While an underactive thyroid is not known to end your life, it is known make your life seem slow. Thyroid hormone gives every cell in your body that extra little umph when needed. When you have low thyroid hormone, that lack of extra umph makes those cells under perform.
Symptoms of thyroid problems can be seen from head to toe. Some people with low thyroid hormone have cold feet as a symptom, while others with an underactive thyroid have thin, straw-like hair.

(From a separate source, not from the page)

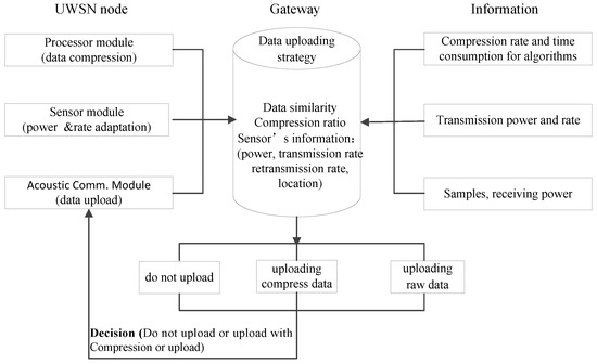When the UWSNs node needs to upload the collected data to the gateway, the data upload decision-making mechanism is introduced into the gateway system, and the gateway executes the data upload decision-making mechanism. The architecture is shown in Figure 3.
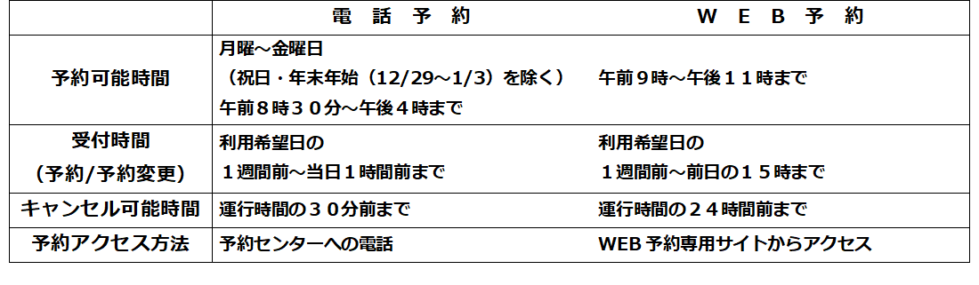 乗合タクシーについては、「予約が取れない」、「電話が繋がりにくい」などのお声をいただいています。

So here is a short version of my checklist to see if you have symptoms of thyroid problems:
- Always feeling cold, or may need extra cloths to stay warm
- Thinning hair, balding or straw-like hair
- Aching in muscles and joints that had no physical trauma to explain it
- Eating a reasonable amount of calories, but still gain weight or can't lose weight
- Feelings of depression or anxiety
- Mental sluggishness or brain fog
- Chronic problems with infection, like a sinus infection, vaginal infection or ear infection
- Muscle weakness, especially in the back, hips and shoulders
- Feeling fatigued, tired or exhausted even without doing physical exercise
- Soreness in throat or neck
- Constipation or decreased bowel function
- Infertility, miscarriages and low libido or sex drive
- High cholesterol, heart flutters or low or high blood pressure
- Poor digestion or heart burn
- Increase in water weight or water retention
- History of some other autoimmune disorder
- Family history of thyroid problems
- Family history of autoimmune disorders
If you have 3 or more of the above, you may be one of the millions who suffer from an underactive thyroid.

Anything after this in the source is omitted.